In 1961, Street was asked by her older sister, Mildred Arbor, to join a singing group called the Velvelettes with Bertha McNeal, Norma Fairhurst and Betty Kelley. Street became the lead singer of the quintet, which won an Alpha Phi Alpha talent contest at Western Michigan University in 1962. The Velvelettes auditioned for Berry Gordy and signed to Motown Records in 1962. They recorded two singles in 1963: "There He Goes" and "That's The Reason Why." In 1964, the Velvelettes recorded and released the single "Needle In A Haystack" on Motown’s VIP Records, which peaked at #19 on the National Billboard Magazine’s Top 40. The group then recorded "He Was Really Sayin' Somethin',” which peaked at #64 on the U.S. Billboard Hot 100 and at #21 on the Billboard R&B Singles chart.

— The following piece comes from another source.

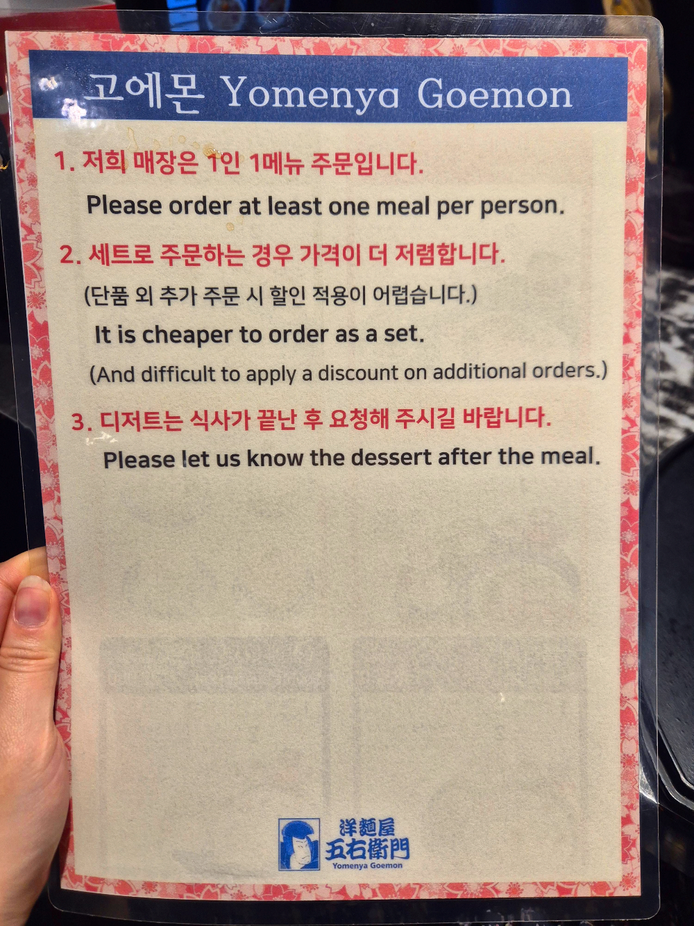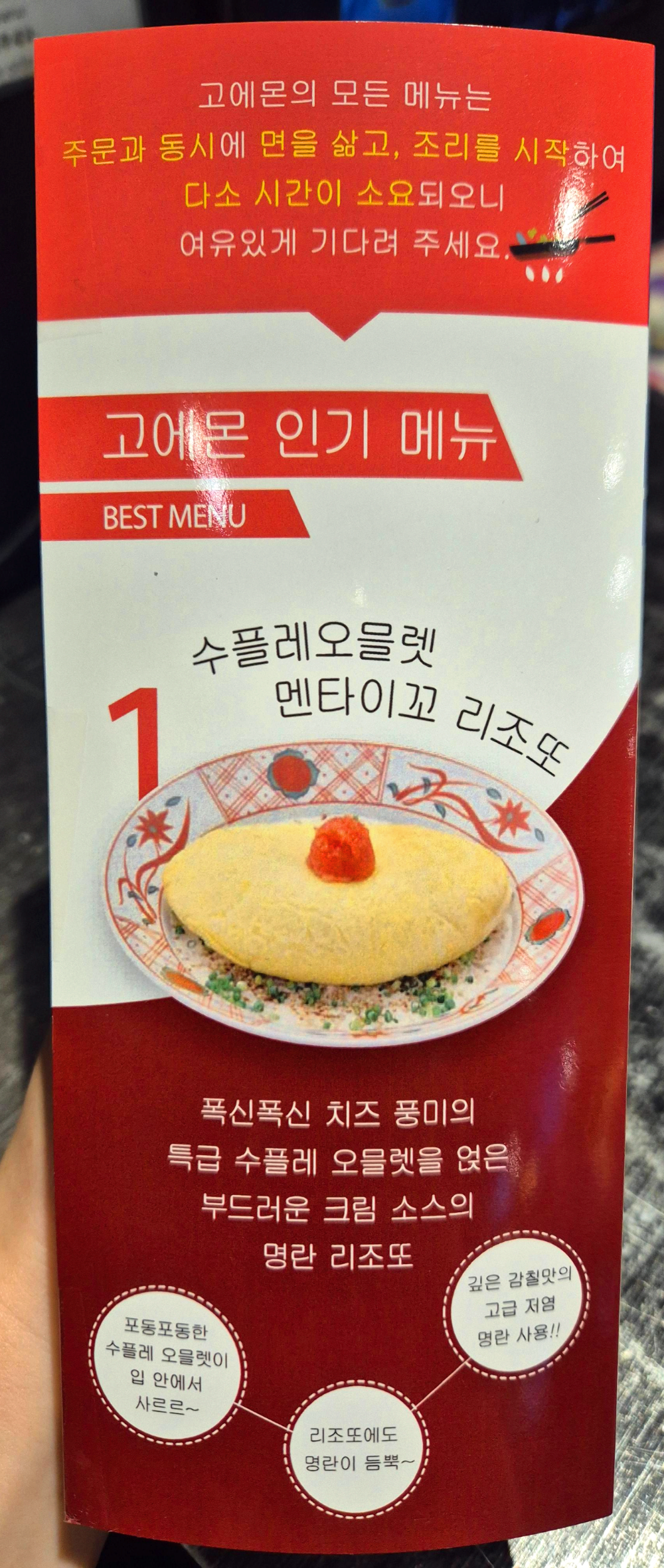자리에는 주문할 수 있는 테이블 오더 외에도 간단한 설명판도 같이 있습니다.

In September of 1964, Betty Kelley left the Velvelettes to join Martha and the Vandellas. The remaining four Velvelettes continued to perform and released the singles “Lonely Lonely Girl Am I” and "A Bird in the Hand (Is Worth Two in the Bush)" in 1965, and "These Things Will Keep Me Loving You,” in 1966, which later became a hit in the United Kingdom peaking at #34 on the UK Singles Chart. The Velvelettes also performed on the Dick Clark Caravan of Stars tours, and the “chitlin circuit” that consisted of the Apollo Theatre in Harlem, New York; the Howard Theatre in Washington, D.C.; the Uptown Theatre in Philadelphia, Pennsylvania; the Royal Theatre in Baltimore, Maryland; the Regal Theatre in Chicago, Illinois; and the Fox Theatre in Detroit, Michigan. In the mid-1960s, Street moved from Kalamazoo to Detroit, Michigan, where she graduated from Chadsey High School and later from the business college of the Detroit Institute of Commerce.
In the late 1960s, Arbor, Fairhurst and McNeal left the Velvelettes and were replaced by Sandra Tilley and Annette Rogers-McMillan. Then, in 1969, Street disbanded the group after she married fellow singer and Temptations member, Richard Street. She later worked as an administrative assistant at Ford Motor Company and Western Michigan University, as an HR specialist at the Upjohn Company/Pfizer, and as an executive assistant for her local NAACP chapter.
In 1984, four of the original Velvelettes, Arbor, Fairhurst, McNeal and Street, reunited. In 1990, the group re-recorded their original hits and new songs for the album One Door Closes for Motorcity Records. Motown Records then released The Very Best of the Velvelettes in 1999, The Velvelettes: The Best Of in 2001, and The Velvelettes: The Motown Anthology in 2004. The Velvelettes are the only Motown group of the classic era still performing with the “original” line-up.
Street has one son, Richard Allen Street, Jr.
Carol Street was interviewed by The HistoryMakers on June 26, 2014.